Question posted 2009 · +13 upvotes
I have been debugging this query for the last 40 minutes, and the problem apparently is the order of the parameters after all.
SELECT * FROM tblSomeThing WHERE id = @id AND debut = @dtDebut AND fin = @dtFin
Then I add the parameters this way, notice that the two last parameters are switched, I get no results.
cmd.Parameters.Add("@id", OleDbType.Integer).Value = idSociete;
cmd.Parameters.Add("@dtFin", OleDbType.Date).Value = dateTraitementFin;
cmd.Parameters.Add("@dtDebut", OleDbType.Date).Value = dateTraitementDebut;
When I declare the parameters the way they appear in the queury everything works perfectly.
I thought named parameters were at first place to address this problem! what am I missing here?
Thank you
Accepted answer +28 upvotes
According to http://msdn.microsoft.com/en-us/library/system.data.oledb.oledbcommand.parameters.aspx OleDbCommand does not support named parameter
The OLE DB .NET Provider does not support named parameters for passing parameters to an SQL statement or a stored procedure called by an OleDbCommand when CommandType is set to Text. In this case, the question mark (?) placeholder must be used. For example:
SELECT * FROM Customers WHERE CustomerID = ?

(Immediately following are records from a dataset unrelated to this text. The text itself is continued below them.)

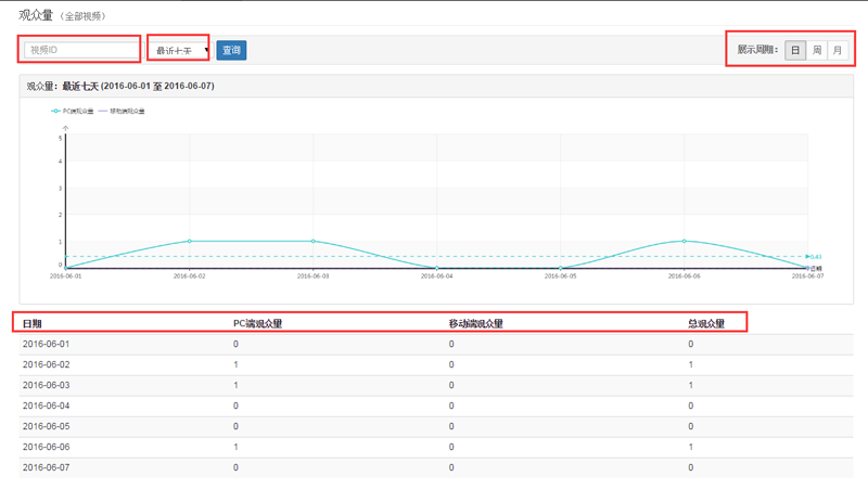 (1)观众量:可清晰地查看到视频在某段时间的PC端、移动端的观众量,并支持查看单个视频的观众量情况,如下图所示: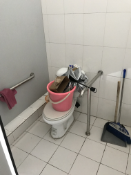 1教2楼和3楼无障碍卫生间内摆放杂物,影响卫生间正常使用。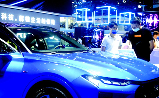 11月19日,观众在广州车展上参观。当日,2021第19届广州国际汽车展览会在位于广州的中国进出口商品交易会展馆拉开帷幕,吸引了国内外众多汽车厂商和汽车零部件厂商参展。展会将持续至本月28日。 新华社记者 卢汉欣 摄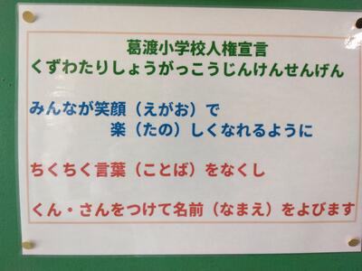 第2回児童集会(葛渡小キャラクター発表、人権宣言)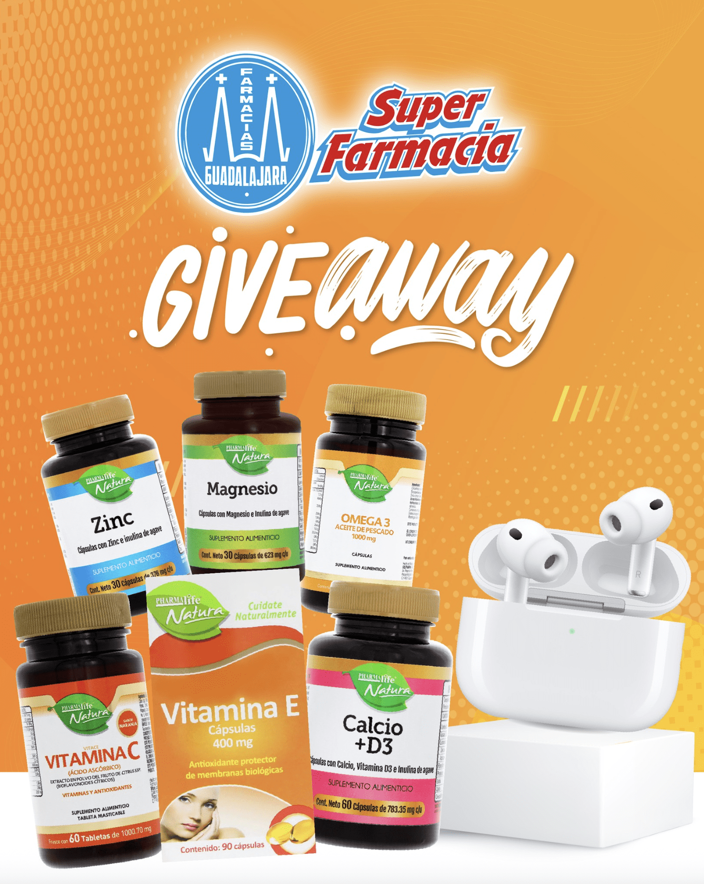 Farmacias Guadalajara regalará a los participantes ganadores: Suplementos Pharmalife y unos AirPods.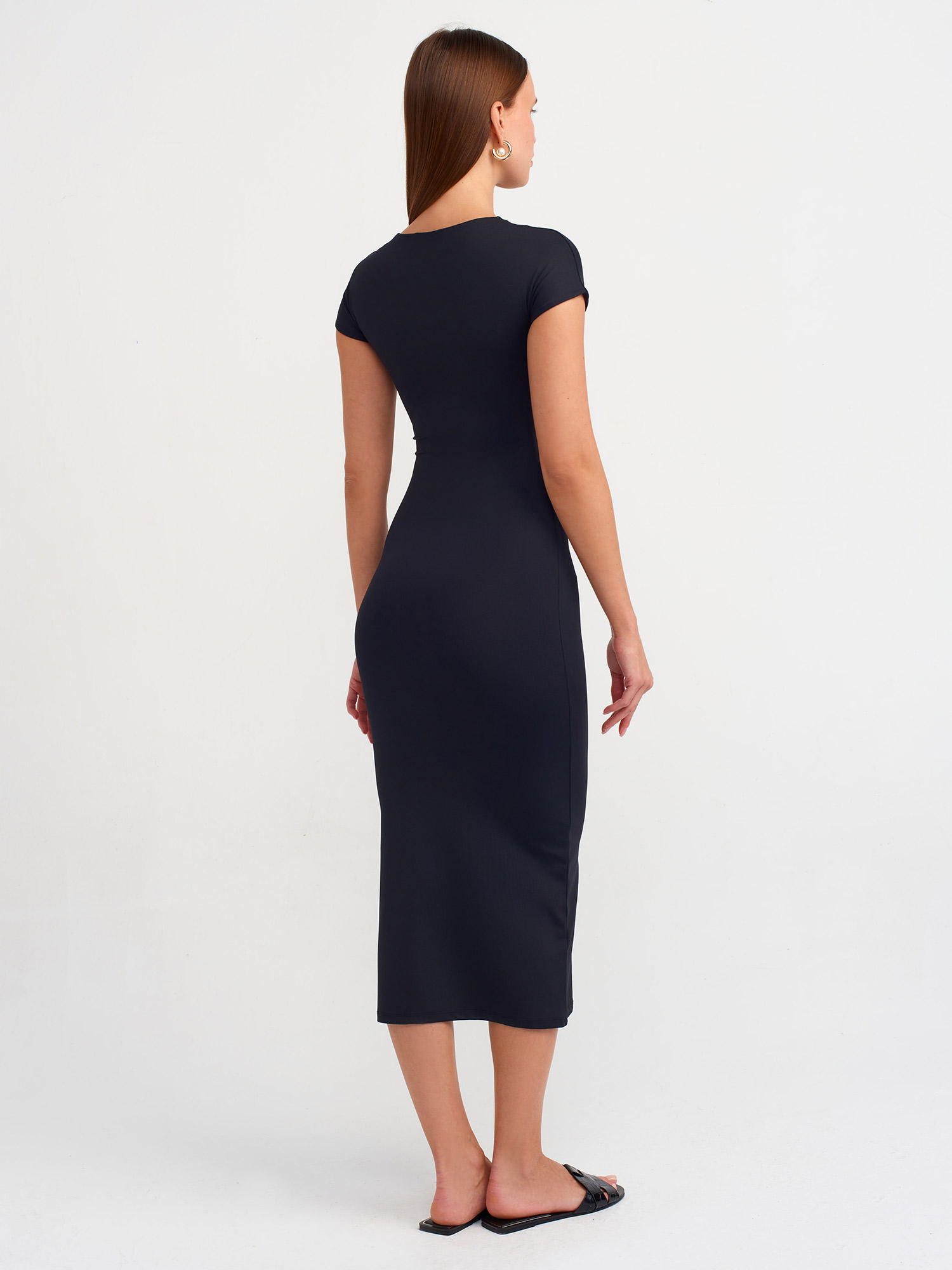 90890 Bisiklet Yaka Uzun Elbise-Siyah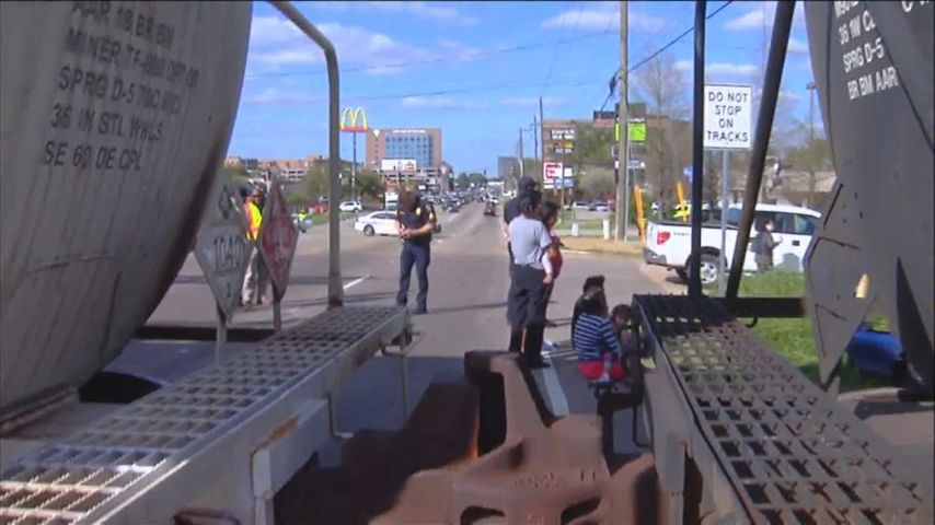 The tracks cross Essen Lane near Perkins and the wreck quickly blocked traffic. Traffic between I-10 and the tracks, headed toward Perkins was stopped. Traffic on the opposite side of the tracks was stopped, too, as cars waited to cross over the tracks toward I-10.

Therefore, the order in which OleDbParameter objects are added to the OleDbParameterCollection must directly correspond to the position of the question mark placeholder for the parameter in the command text.
So order of parameter is important.
Top ms-access Q&A (6)
- How can I modify a saved Microsoft Access 2007 or 2010 Import Specification? +31 (2008)
- Is there an equivalent to the SUBSTRING function in MS Access SQL? +26 (2009)
- What do I need to read Microsoft Access databases using Python? +25 (2009)
- MS Access library for python +24 (2009)
- is there any replacement of Access? +21 (2009)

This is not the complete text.